Tüm bu sebepler aslında tali meselelerdi. Muhalefet yine de kazanabilirdi. Suriye’de yenilginin asıl sebebi tam da Davutoğlu’nun da düşündüğü gibi İslâm’ı veya dar anlamıyla Sünniliği Suriye halkını bir arada tutacak bir çimento olarak görülmesiydi. Eğer Esad’a karşı demokratik, kapsayıcı taleplerle çıkılsaydı muhtemelen Tunus’ta olduğu gibi Suriye’de de muhalefetin bir şansı vardı. Ancak karmaşık kültürel dokusuyla bu Akdeniz ülkesine biçilen kimlik bir tür “Sünni kardeşliği” olunca önce Hıristiyanlar, Sonra Aleviler, Dürzîler ve İsmailîler dışlandı. Bunlar zaten toplam nüfusun %20’sini teşkil ediyorlar ve daha da önemlisi muhalefete Fransa gibi Batılı ülkelerin desteğini sağlıyorlardı. Ardından “yeterince Sünni olmayan” Kürtler, laik muhalifler, liberaller hem Esad’a hem de dini bir rejime aynı anda karşı olanlar, küçük ama etkili feminist gruplar” aşama aşama muhalif cephelerden çekildiler ve çekilmeye zorlandılar. Çoğu sonradan Esad’a destek verdiler. Böylece ortalık her biri kendini Suriye’nin tüm çeşitliliğini ve kültürel tarihi zenginliğini yok etmeye adamış Ahrar el-Şam, Liva el Tevhid, Şükr el-İslâm, el Nusra ve nihayet Daiş/IŞİD’lere kaldı. Bu hareketlerin kazanma şansı yoktu zira bunlar zaten savaşa kazanmak için girmiyorlardı. Afganistan’da olduğu gibi savaş onlar için araç değil amaçtı. Hemen hepsi Suriye’nin Dabıq kentinde çok yakında başlayacak olan kıyamet için dövüştüklerine inanmaktaydılar. Sonuç olarak kendileri kaybederken Suriye’de tarihi, insani mirası da kendileriyle birlikte yok ederek sayısız insanı kendi bin yılcı/kıyametçi ideolojilerine kurban ettiler.

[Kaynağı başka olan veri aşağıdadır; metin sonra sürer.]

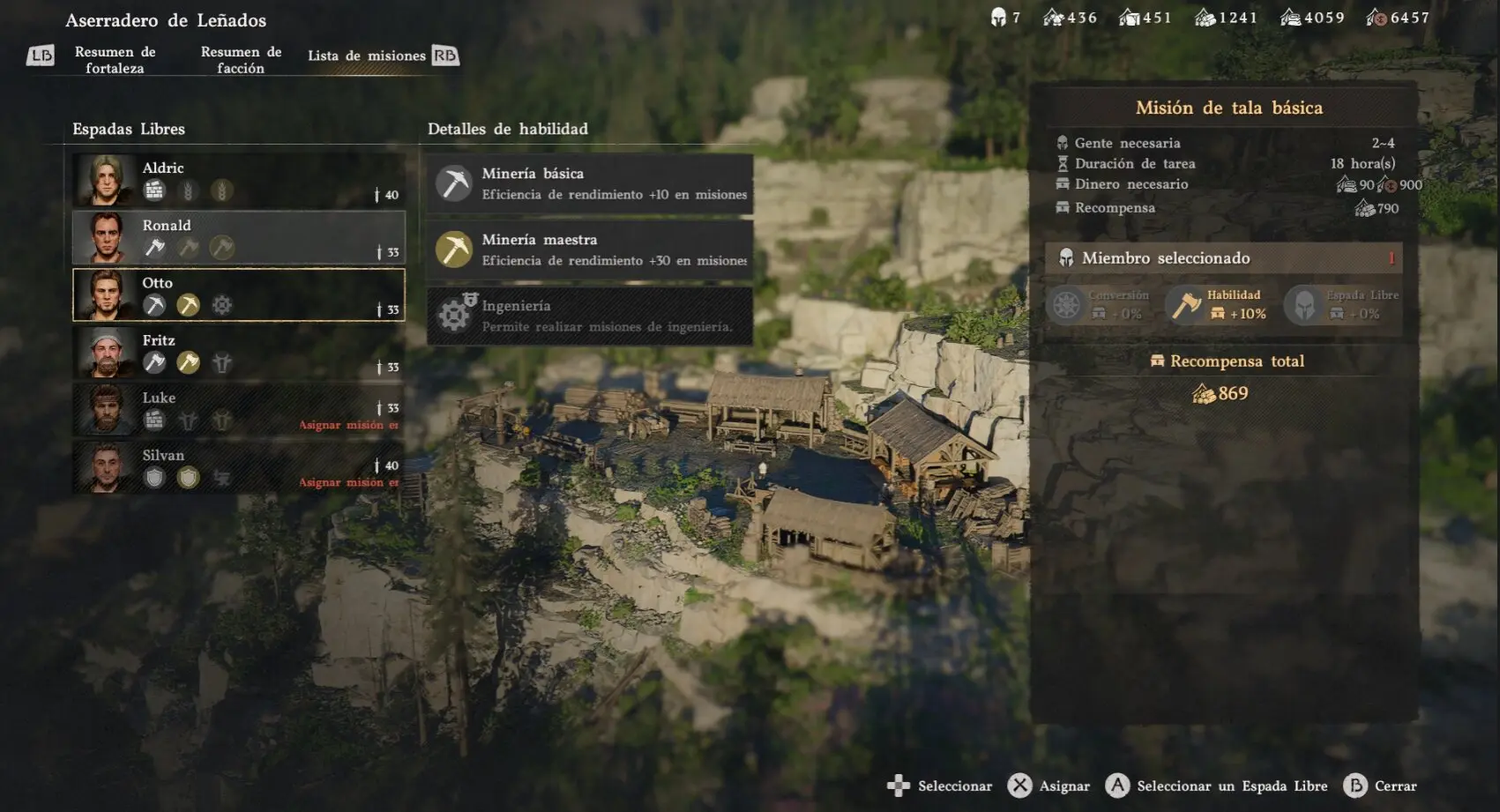 Una de las funciones más útiles del campamento es la gestión de los Melenas Grises. Conforme rescatas compañeros a lo largo de la historia, estos se van uniendo al campamento y puedes enviarlos a misiones de apoyo por todo Pywel.

Evet 8 yıl boyunca tanık olduğumuz bu trajedi yakında sona erecek. Lübnan iç savaşı 15 sene (1976-1989) sürmüştü. Anlaşılan bu Suriye’nin provasıymış. Tarihsel bilinçsizlik, demokratik kurumların yokluğu, zamana direnme, doğayı tahrip -Fırat’ın kurumasının Suriye’de tarımı bitirip kentlere göçü hızlandırması-, kapsayıcı bir anayasa etrafında birleşeme, herkesin kendi mikro kimliğini diğerlerine dayatması vs. işte Suriye’nin yıkılmasının sebepleri. Umarız bu büyük trajedi aynı sorunları yaşamakta olan diğer tanıdık toplumlara bir ders olur.